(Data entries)
* * *
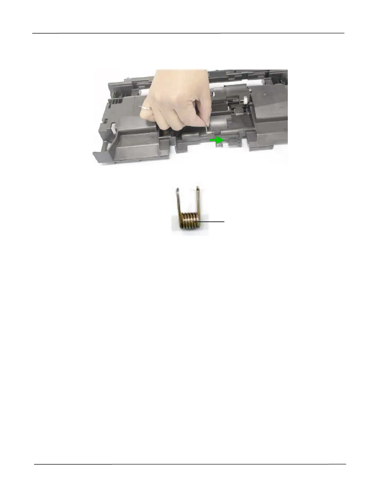 4. Push the spring to the right, and remove the spring from the slot on the upper base, as shown
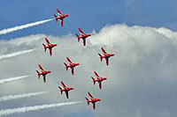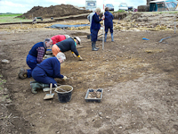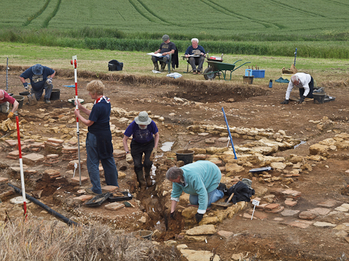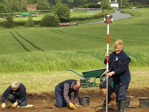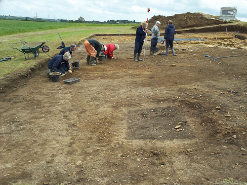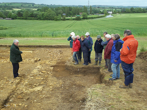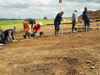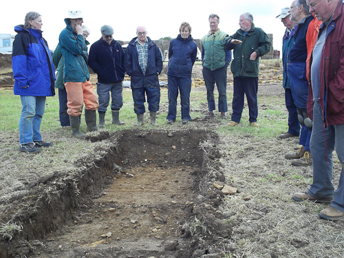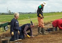 This was the trowelling line-up at the end of play ... Note that Steve at far left has found a hole to sit in while he explores one of the possible pits - much more comfortable. At the south end of the site, Fred was establishing that what the geophys suggested is in fact the case - that there are no more buildings under the baulk ... Just as well - if there were any more structures, we'd (i.e. Nick) would have to move the spoil heap AGAIN. Steve began the site tour at Fred's bit. We had a look at the new excavation along the east side and finally we studied a trial trench started by Olie yesterday ... It's beyond the eastern baulk up against the crop line. It will be excavated further to see what might be going on in the mound under the crops a bit further east. There is a feature across the middle of the trench (at the very bottom of the photo frame) which is probably a "modern" field drain. Otherwise, Steve outlined the detailed work to be done next week - apart from trowelling down further all over the newly uncovered eastern section of the site, it's mainly a matter of small investigations here and there to confirm theories and puzzle out some of the more intriguing areas of the site (it was VERY windy, and I couldn't hear every word Steve said). The drains will be examined and the main drain excavated all the way to the northern baulk. But my best of the day was the Red Arrows flying over towards the South West - a wing of five and a wing of four. They were very noisy too. Time for new batteries in the hearing aids after they've been so busy Have a good weekend.
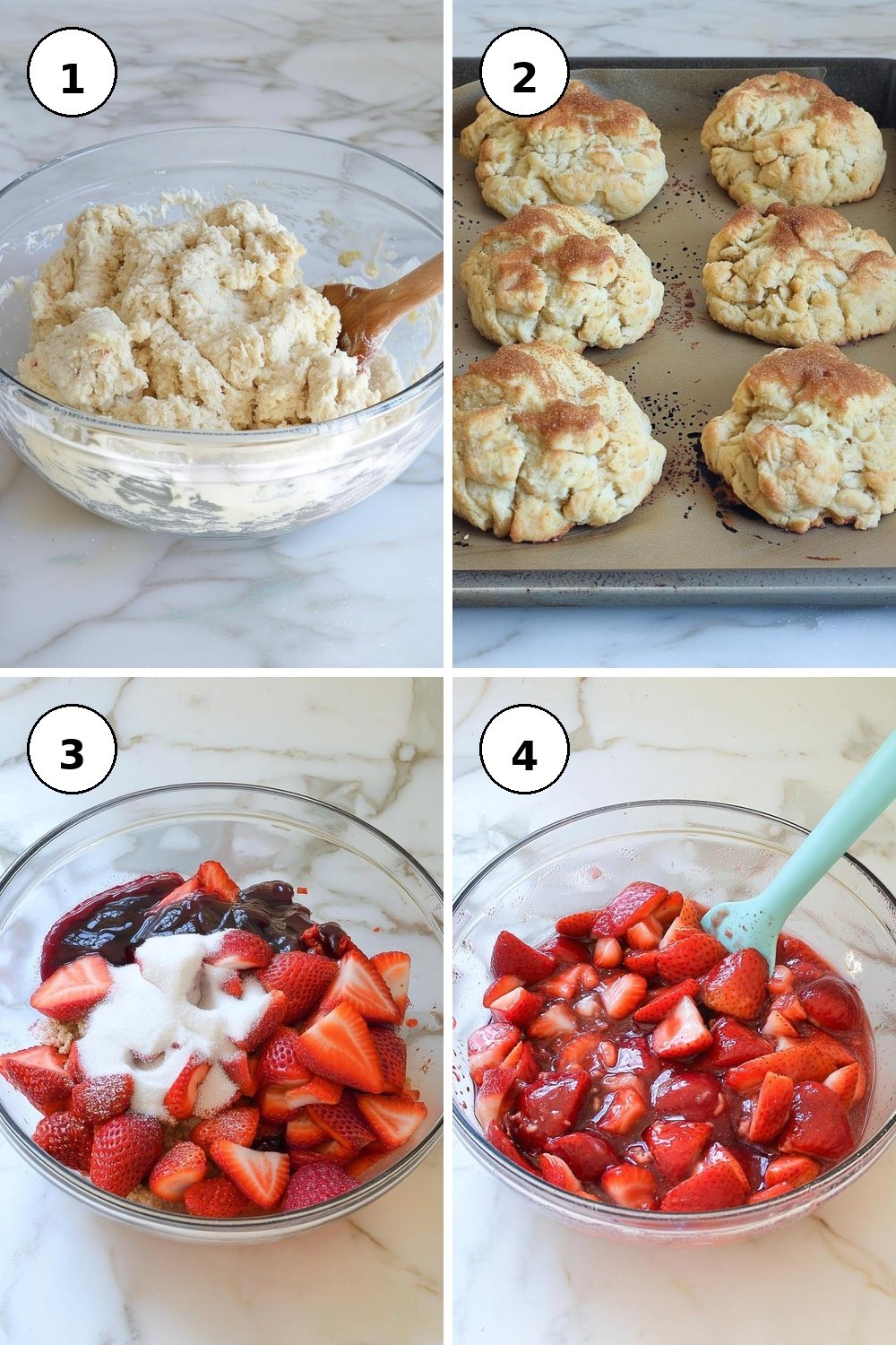 - While the biscuits bake, prepare the strawberry filling: Mash a third of the hulled berries until chunky, then mix in the rest along with jam and sugar. Allow this to sit for about 10 minutes.
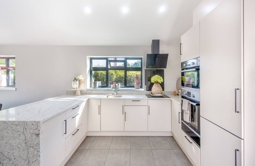 Shower Room: Walk-In Shower, Heated Towel Rail, Toilet. Electric central heating, electricity, bed linen, towels and Wi-Fi included. Initial fuel for wood burner included. Welcome pack. Back garden with patio and garden furniture. Hot tub (private). Sauna (private). Electric car charging point, at cost, prior arrangement with owner. Private parking for 2 cars. No smoking.. Nestled just over a mile from the charming village of Meriden, Lower Peastocking is a beautifully appointed single-storey holiday cottage, perfect for couples seeking a peaceful retreat or professionals attending events at the nearby NEC. This dog-friendly property offers a harmonious blend of modern comfort and rustic charm. The living area and open-plan kitchen is thoughtfully designed, featuring a log burner for cosy evenings, a Smart TV for entertainment, and a breakfast bar for casual dining. Bifold doors open onto a private patio, complete with outdoor seating and a dining area, ideal for al fresco meals, relax in the barrel sauna, The double bedroom provides a restful sanctuary, equipped with its own Smart TV, and the adjoining shower room ensures convenience. There is also a utility room, offering practical space for longer stays.
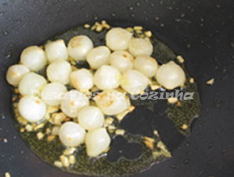 4. Quando os alhos estiverem a ficar dourados, deitar as cebolas e deixar alourar;
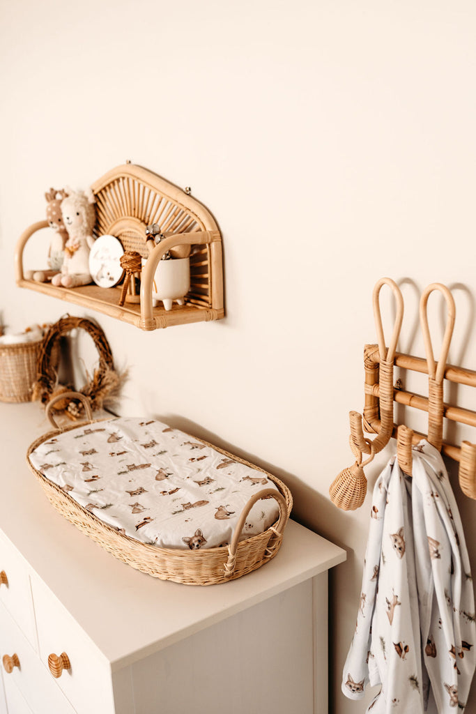 Our Fox Fitted Bassinet Sheet can also be used as a Change Pad Cover and is made from snuggly soft stretch cotton jersey. Comes with a matching drawstring bag which can be used for other multi-purposes.
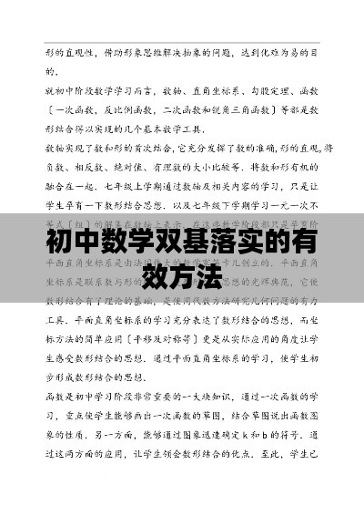 在初中数学教育中,双基教育扮演着至关重要的角色,所谓双基,指的是基础知识和基本技能,随着教育改革的深入,如何切实落实初中数学双基教育成为广大教育工作者关注的焦点,本文将探讨初中数学双基落实方法,旨在提高数学教学质量,帮助学生打下坚实的数学基础。
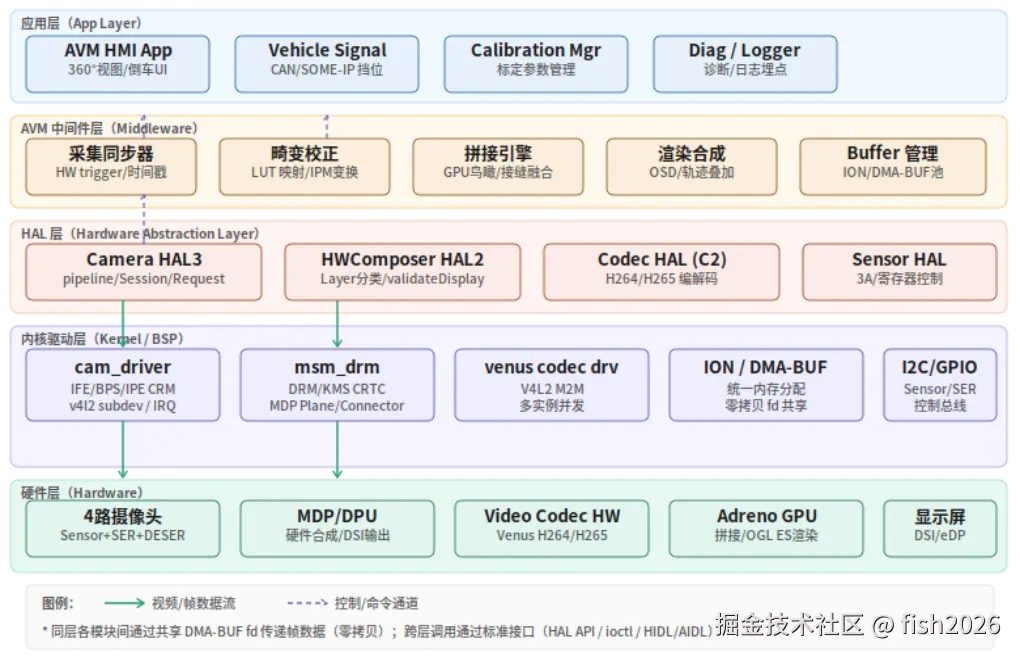 AVM 软件栈按五层组织,视频帧数据通过 DMA-BUF fd 在各层间零拷贝传递;控制命令走独立的 Binder IPC / ioctl 通道。
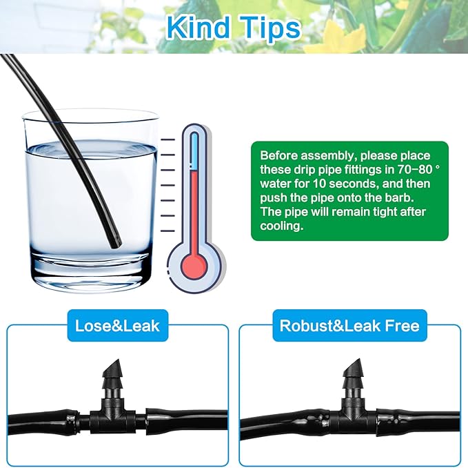 - 【Easy to Install】: The drip tubing parts are designed with barbs. Before assembly, please place these drip pipe fittings in 70-80 ° water for 10 seconds, and then push the pipe onto the barb. The pipe will remain tight after cooling.
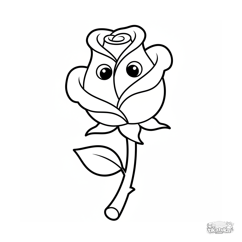 Very simple coloring page for toddlers 2-3: a large rose bud with a leaf on a stem. Huge margins, thick outlines, perfect for first crayons.
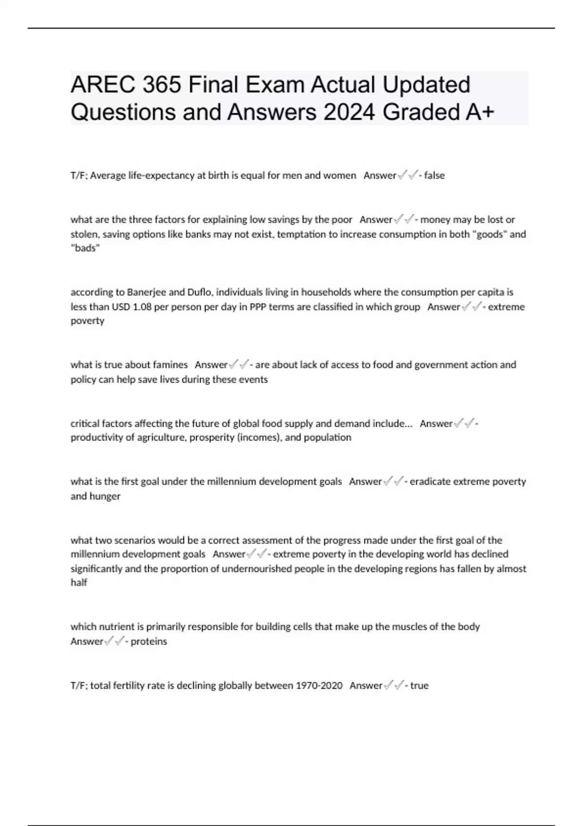 AREC 365 Final Exam Actual Updated Questions and Answers 2024 Graded A+
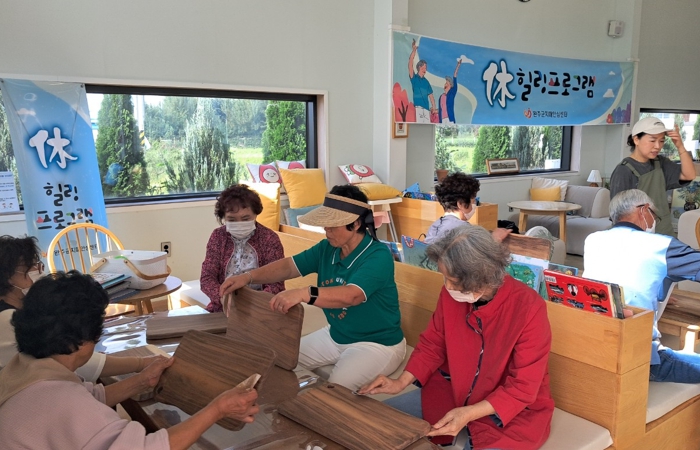 이 프로그램은 치매환자를 돌보느라 심신이 지친 가족들에게 심리적 부담 해소와 사회적 고립을 방지하기 위해 마련됐으며, 일상을 벗어나 평소에 경험하지 못한 카페체험과 목공예(도마 만들기) 활동 등 카페 앞 꽃밭에서 산책을 하며 몸의 이완과 힐링 시간을 가졌다.
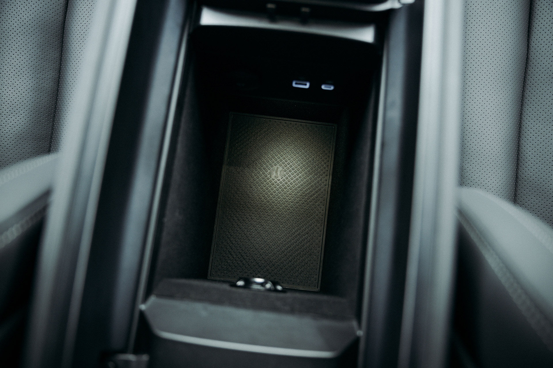Что же у нас имеется? В целом-то всё стандартно, и даже несколько похоже на Omoda C7. Но всё в угоду визуального минимализма. Два ложе под смартфон, хотя в премиальном автомобиле, коим видят Exlantix маркетологи, хочется видеть две беспроводные зарядки… Ниже под шторкой тесные фиксаторы тары и небольшая ниша под мелочёвку.
* * *
### [What needs to be done]
The stretch above running from the line with "- While the" through the line with "4. Quando os" is all you should copy, exactly, leaving out the pictures.

### [Task output]
 - While the biscuits bake, prepare the strawberry filling: Mash a third of the hulled berries until chunky, then mix in the rest along with jam and sugar. Allow this to sit for about 10 minutes.
 Shower Room: Walk-In Shower, Heated Towel Rail, Toilet. Electric central heating, electricity, bed linen, towels and Wi-Fi included. Initial fuel for wood burner included. Welcome pack. Back garden with patio and garden furniture. Hot tub (private). Sauna (private). Electric car charging point, at cost, prior arrangement with owner. Private parking for 2 cars. No smoking.. Nestled just over a mile from the charming village of Meriden, Lower Peastocking is a beautifully appointed single-storey holiday cottage, perfect for couples seeking a peaceful retreat or professionals attending events at the nearby NEC. This dog-friendly property offers a harmonious blend of modern comfort and rustic charm. The living area and open-plan kitchen is thoughtfully designed, featuring a log burner for cosy evenings, a Smart TV for entertainment, and a breakfast bar for casual dining. Bifold doors open onto a private patio, complete with outdoor seating and a dining area, ideal for al fresco meals, relax in the barrel sauna, The double bedroom provides a restful sanctuary, equipped with its own Smart TV, and the adjoining shower room ensures convenience. There is also a utility room, offering practical space for longer stays.
 4. Quando os alhos estiverem a ficar dourados, deitar as cebolas e deixar alourar;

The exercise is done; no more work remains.